### WHAT NEEDS TO BE DONE
Exact copy, pictures excluded: please retype every record below.

### INFORMATION SUPPLIED
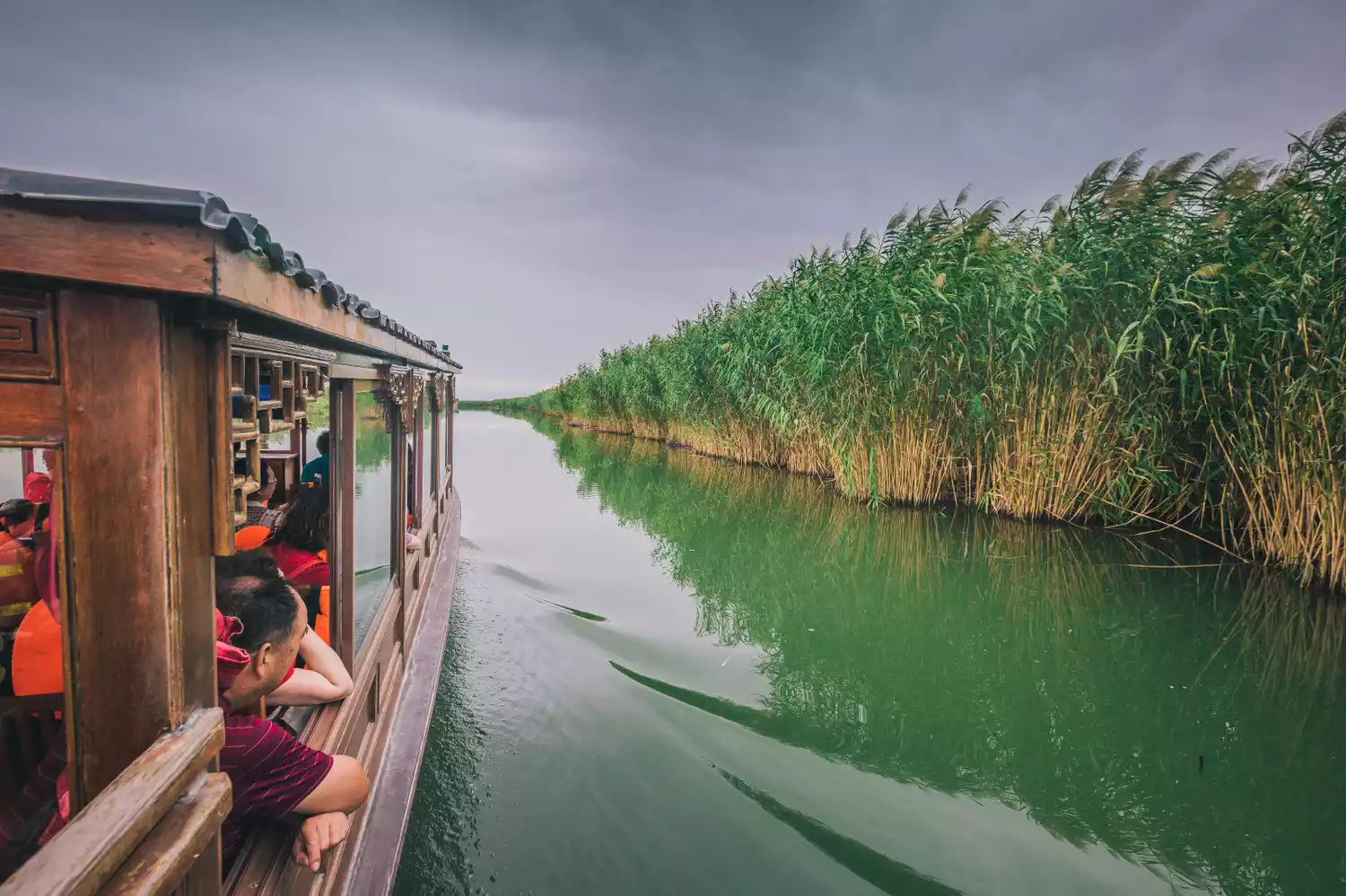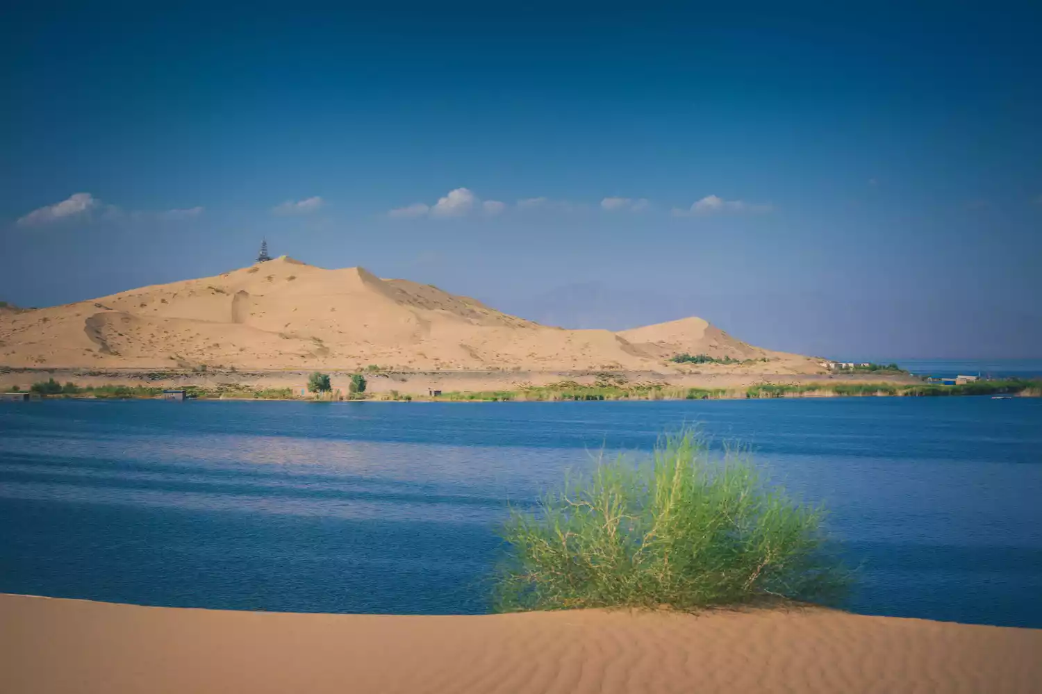 Bosten Lake, meaning "oasis" in Uyghur, is China's largest inland freshwater lake. Tourism development began in the late 1980s, and the lake has since become a national key scenic spot and a 5A-level tourist attraction. The scenic area along the lake can be divided into four areas: Golden and Silver Beaches, Dahekou and Luoxia Bay, Ahongkou and Lotus Lake, the Pumping Station, and Bailuzhou. China-TravelNote features Ahongkou (now known as Lianhai Scenic Area) to explore this wetland oasis nestled in the Gobi Desert of southern Xinjiang.
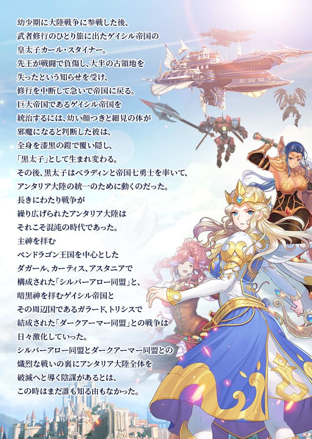 ✔ 個性あふれる英雄や巨大な魔装機と一緒に飛空艇に乗って旅を! ✔ 凶暴なモンスターとダークアーマーの勢力からアンタリア大陸を取り戻せ! ✔ 斬新な戦略MMORPGで描かれた物語を追体験し、真の主人公になろう!
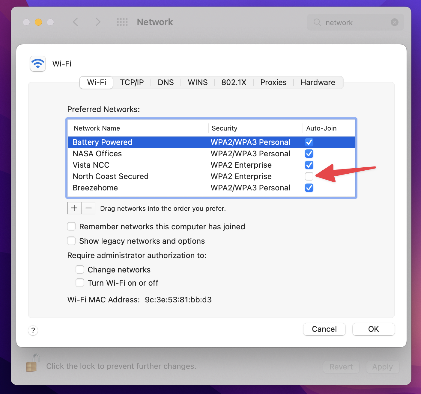 3. Make sure that "Auto-Join" is unselected for our Guest network.
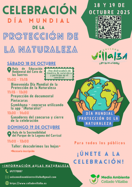 Las aulas de Naturaleza de Collado Villalba acogen este fin de semana diversas actividades, organizadas por la Concejalía de Medio Ambiente, con motivo de la celebración del Día Mundial de Protección a la Naturaleza, el 18 de octubre, bajo el lema «Restaurar la naturaleza, reconstruir nuestro futuro», con el fin de concienciar sobre la importancia de la restauración de ecosistemas degradados, la protección de hábitats como humedales y la promoción de la ecologización urbana.
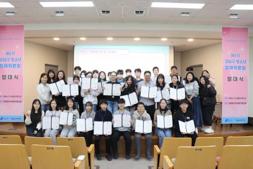 [½Åµ¿¾Æ¹æ¼Û °­³²=À̽ŵ¿±âÀÚ]°­³²±¸°¡ Áö³­ 3¿ù 16ÀÏ Ã»¼Ò³â 30¸íÀ¸·Î ±¸¼ºµÈ Á¦5±â °­³²±¸ û¼Ò³âÂü¿©À§¿øÈ¸¸¦ ¹ßÁ·Çß´Ù. À̵éÀº ¿ÃÇØ 12¿ù±îÁö û¼Ò³â Á¤Ã¥»ç¾÷À» ¸ð´ÏÅ͸µÇϰí û¼Ò³â Á¤Ã¥À» ¹ß±¼ÇØ Á¦¾ÈÇÒ °èȹÀÌ´Ù. û¼Ò³âÂü¿©À§¿øÈ¸´Â °­³²±¸ÀÇ Ã»¼Ò³â Á¤Ã¥ ¡¦
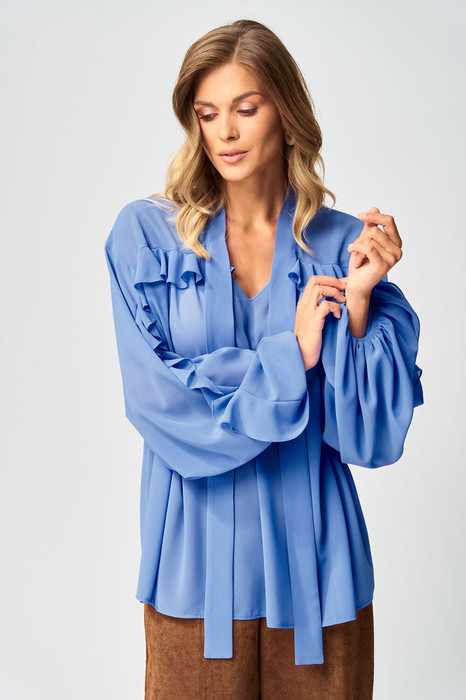 Блузка свободного силуэта из струящейся шифоновой ткани. Перед и спинка с кокеткой и сборкой. Рукав спущенный свободный с резинкой понизу. Вдоль линии кокетки и рукава вставлена рюша. Горловина V-образной формы с воротником стойкой переходящей в бант. Длина блузки - 67 см, длина рукава - 60 см. Обратите внимание! Данная модель прекрасно сочетается с другими моделями из нашей коллекции 35204 и 15377 в коричневом цвете. Создайте гармоничный образ, комбинируя эти изделия!
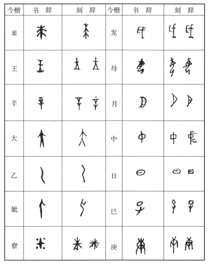 这一张表就是商代的毛笔字跟商代的甲骨文对照(下表)。商代人写字主要还是毛笔字这种样子,不是甲骨文的样子。现在不少写书法史的人一开始就说最早的书法就是刀刻的,这个我觉得很可笑。一开始书法还是毛笔写的,甲骨文只是一个特例。
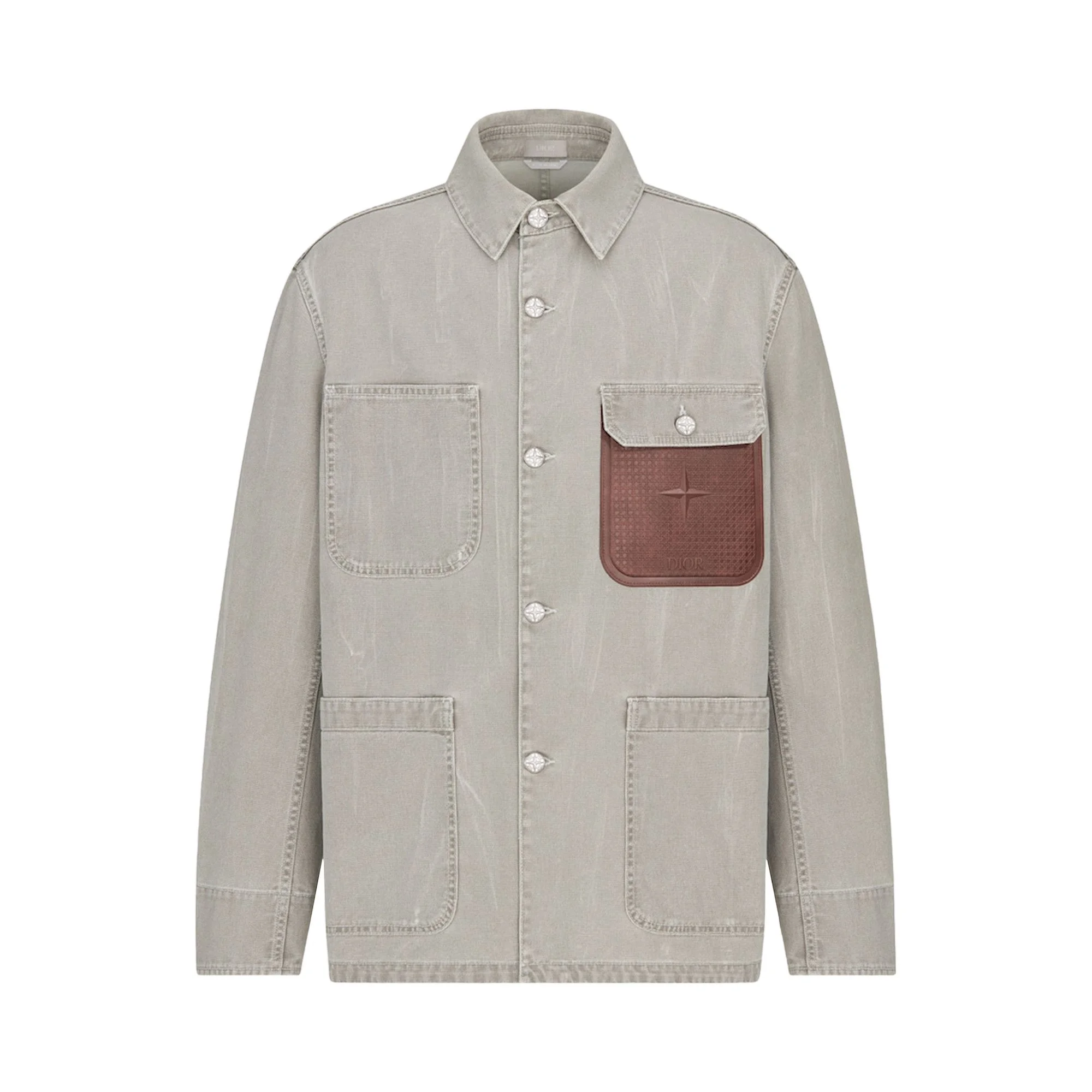 Part of the DIOR AND STONE ISLAND capsule, the jacket showcases the collaboration's signature, highlighting Stone Island's iconic star enhanced by the House signature. Crafted in gray cotton, it has four patch pockets and a leather chest pocket with the DIOR AND STONE ISLAND signature. The wardrobe essential brings a utilitarian touch to an elegantly laid-back style. - Leather chest pocket with DIOR AND STONE ISLAND signature - Patch pockets - Buttoned flap pocket - Button closure - 100% cotton - Made in Italy Size & Fit - Comfortable fit - Back length: 77 cm / 30.5 inches (size 48) - The model measures 189 cm / 74.5 inches and the item shown is in size 48 (FR) - Using our personalized tool will provide you with the best size recommendation - For more information, please review the size guide
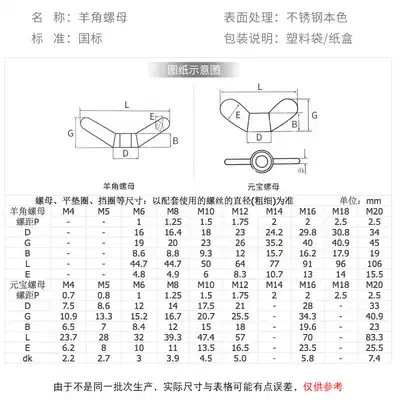 304 201 stainless steel butterfly nut wing horn nut nut ingot screw cap ingot screw cap M3M4M5M6M8M10M12
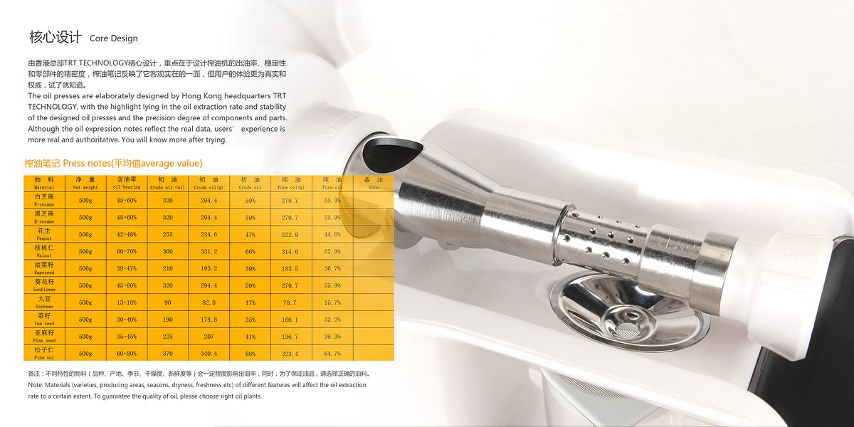 这是一款操作简单,高度出油,易于清洗的智能家用榨油机。产品将榨油步骤简化为翻盖式,一键智能榨油,同时运用螺旋式镗杆挤压原理,将油、渣高度分离,出油率达到95%以上。此外产品部件可徒手取下,方便清洗。
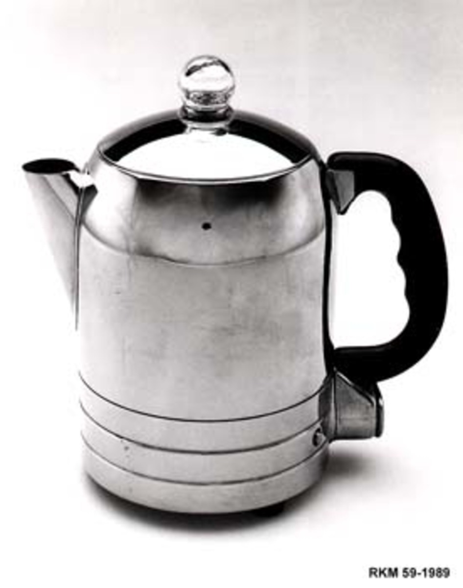 Elektrisk vattenkokare och kaffebryggare i aluminium med löst lock, lockknoppen av glas. Lös insats för kaffebryggning.
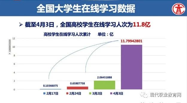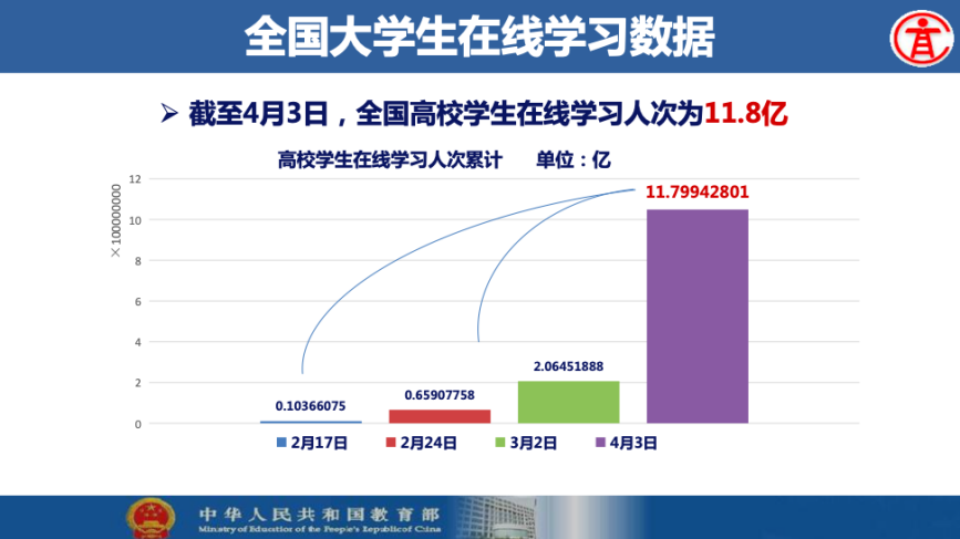 据统计,截至4月3日,全国在线开学的普通高校共计1454所,95万余名教师开设94.2万门、713.3万门次在线课程,参加在线课程学习的学生达11.8亿人次。
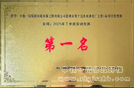 兩連冠!昆明市第十五水質(zhì)凈化廠再獲中鐵開(kāi)投2025年季度勞動(dòng)競(jìng)賽第一名
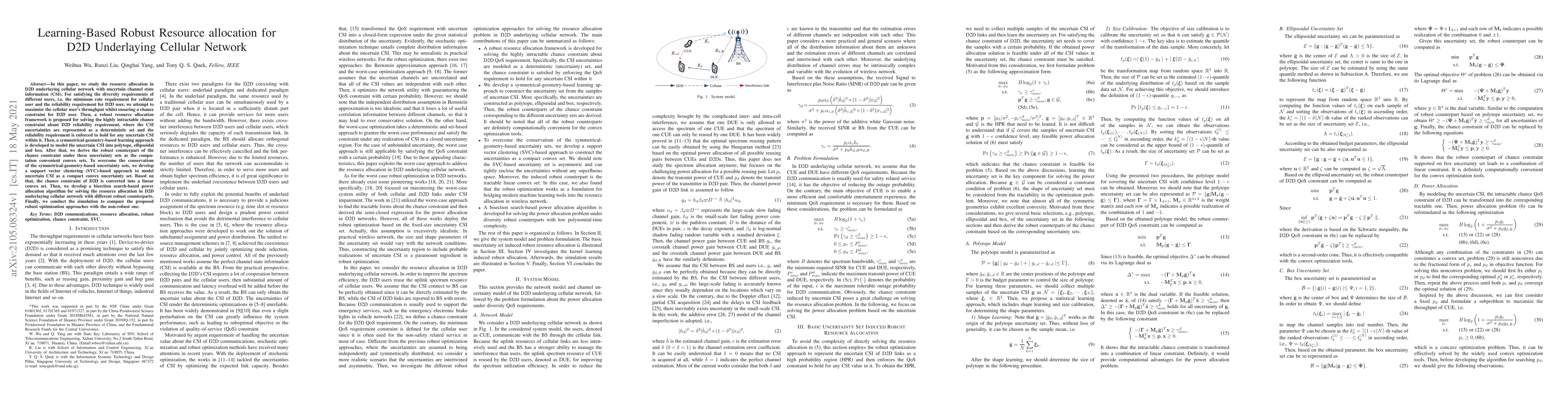 In this paper, we study the resource allocation in D2D underlaying cellular network with uncertain channel state information (CSI). For satisfying the diversity requirements of different users, i.e. the minimum rate requirement for cellular user and the reliability requirement for D2D user, we attempt to maximize the cellular user's throughput whilst ensuring a chance constraint for D2D user. Then, a robust resource allocation framework is proposed for solving the highly intractable chance constraint about D2D reliability requirement, where the CSI uncertainties are represented as a deterministic set and the reliability requirement is enforced to hold for any uncertain CSI within it. Then, a symmetrical-geometry-based learning approach is developed to model the uncertain CSI into polytope, ellipsoidal and box. After that, we derive the robust counterpart of the chance constraint under these uncertainty sets as the computation convenient convex sets. To overcome the conservatism of the symmetrical-geometry-based uncertainty sets, we develop a support vector clustering (SVC)-based approach to model uncertain CSI as a compact convex uncertainty set. Based on that, the chance constraint of D2D is converted into a linear convex set. Then, we develop a bisection search-based power allocation algorithm for solving the resource allocation in D2D underlaying cellular network with different robust counterparts. Finally, we conduct the simulation to compare the proposed robust optimization approaches with the non-robust one.

### YOUR SOLUTION
 Bosten Lake, meaning "oasis" in Uyghur, is China's largest inland freshwater lake. Tourism development began in the late 1980s, and the lake has since become a national key scenic spot and a 5A-level tourist attraction. The scenic area along the lake can be divided into four areas: Golden and Silver Beaches, Dahekou and Luoxia Bay, Ahongkou and Lotus Lake, the Pumping Station, and Bailuzhou. China-TravelNote features Ahongkou (now known as Lianhai Scenic Area) to explore this wetland oasis nestled in the Gobi Desert of southern Xinjiang.
 ✔ 個性あふれる英雄や巨大な魔装機と一緒に飛空艇に乗って旅を! ✔ 凶暴なモンスターとダークアーマーの勢力からアンタリア大陸を取り戻せ! ✔ 斬新な戦略MMORPGで描かれた物語を追体験し、真の主人公になろう!
 3. Make sure that "Auto-Join" is unselected for our Guest network.
 Las aulas de Naturaleza de Collado Villalba acogen este fin de semana diversas actividades, organizadas por la Concejalía de Medio Ambiente, con motivo de la celebración del Día Mundial de Protección a la Naturaleza, el 18 de octubre, bajo el lema «Restaurar la naturaleza, reconstruir nuestro futuro», con el fin de concienciar sobre la importancia de la restauración de ecosistemas degradados, la protección de hábitats como humedales y la promoción de la ecologización urbana.
 [½Åµ¿¾Æ¹æ¼Û °­³²=À̽ŵ¿±âÀÚ]°­³²±¸°¡ Áö³­ 3¿ù 16ÀÏ Ã»¼Ò³â 30¸íÀ¸·Î ±¸¼ºµÈ Á¦5±â °­³²±¸ û¼Ò³âÂü¿©À§¿øÈ¸¸¦ ¹ßÁ·Çß´Ù. À̵éÀº ¿ÃÇØ 12¿ù±îÁö û¼Ò³â Á¤Ã¥»ç¾÷À» ¸ð´ÏÅ͸µÇϰí û¼Ò³â Á¤Ã¥À» ¹ß±¼ÇØ Á¦¾ÈÇÒ °èȹÀÌ´Ù. û¼Ò³âÂü¿©À§¿øÈ¸´Â °­³²±¸ÀÇ Ã»¼Ò³â Á¤Ã¥ ¡¦
 Блузка свободного силуэта из струящейся шифоновой ткани. Перед и спинка с кокеткой и сборкой. Рукав спущенный свободный с резинкой понизу. Вдоль линии кокетки и рукава вставлена рюша. Горловина V-образной формы с воротником стойкой переходящей в бант. Длина блузки - 67 см, длина рукава - 60 см. Обратите внимание! Данная модель прекрасно сочетается с другими моделями из нашей коллекции 35204 и 15377 в коричневом цвете. Создайте гармоничный образ, комбинируя эти изделия!
 这一张表就是商代的毛笔字跟商代的甲骨文对照(下表)。商代人写字主要还是毛笔字这种样子,不是甲骨文的样子。现在不少写书法史的人一开始就说最早的书法就是刀刻的,这个我觉得很可笑。一开始书法还是毛笔写的,甲骨文只是一个特例。
 Part of the DIOR AND STONE ISLAND capsule, the jacket showcases the collaboration's signature, highlighting Stone Island's iconic star enhanced by the House signature. Crafted in gray cotton, it has four patch pockets and a leather chest pocket with the DIOR AND STONE ISLAND signature. The wardrobe essential brings a utilitarian touch to an elegantly laid-back style. - Leather chest pocket with DIOR AND STONE ISLAND signature - Patch pockets - Buttoned flap pocket - Button closure - 100% cotton - Made in Italy Size & Fit - Comfortable fit - Back length: 77 cm / 30.5 inches (size 48) - The model measures 189 cm / 74.5 inches and the item shown is in size 48 (FR) - Using our personalized tool will provide you with the best size recommendation - For more information, please review the size guide
 304 201 stainless steel butterfly nut wing horn nut nut ingot screw cap ingot screw cap M3M4M5M6M8M10M12
 这是一款操作简单,高度出油,易于清洗的智能家用榨油机。产品将榨油步骤简化为翻盖式,一键智能榨油,同时运用螺旋式镗杆挤压原理,将油、渣高度分离,出油率达到95%以上。此外产品部件可徒手取下,方便清洗。
 Elektrisk vattenkokare och kaffebryggare i aluminium med löst lock, lockknoppen av glas. Lös insats för kaffebryggning.
 据统计,截至4月3日,全国在线开学的普通高校共计1454所,95万余名教师开设94.2万门、713.3万门次在线课程,参加在线课程学习的学生达11.8亿人次。
 兩連冠!昆明市第十五水質(zhì)凈化廠再獲中鐵開(kāi)投2025年季度勞動(dòng)競(jìng)賽第一名
 In this paper, we study the resource allocation in D2D underlaying cellular network with uncertain channel state information (CSI). For satisfying the diversity requirements of different users, i.e. the minimum rate requirement for cellular user and the reliability requirement for D2D user, we attempt to maximize the cellular user's throughput whilst ensuring a chance constraint for D2D user. Then, a robust resource allocation framework is proposed for solving the highly intractable chance constraint about D2D reliability requirement, where the CSI uncertainties are represented as a deterministic set and the reliability requirement is enforced to hold for any uncertain CSI within it. Then, a symmetrical-geometry-based learning approach is developed to model the uncertain CSI into polytope, ellipsoidal and box. After that, we derive the robust counterpart of the chance constraint under these uncertainty sets as the computation convenient convex sets. To overcome the conservatism of the symmetrical-geometry-based uncertainty sets, we develop a support vector clustering (SVC)-based approach to model uncertain CSI as a compact convex uncertainty set. Based on that, the chance constraint of D2D is converted into a linear convex set. Then, we develop a bisection search-based power allocation algorithm for solving the resource allocation in D2D underlaying cellular network with different robust counterparts. Finally, we conduct the simulation to compare the proposed robust optimization approaches with the non-robust one.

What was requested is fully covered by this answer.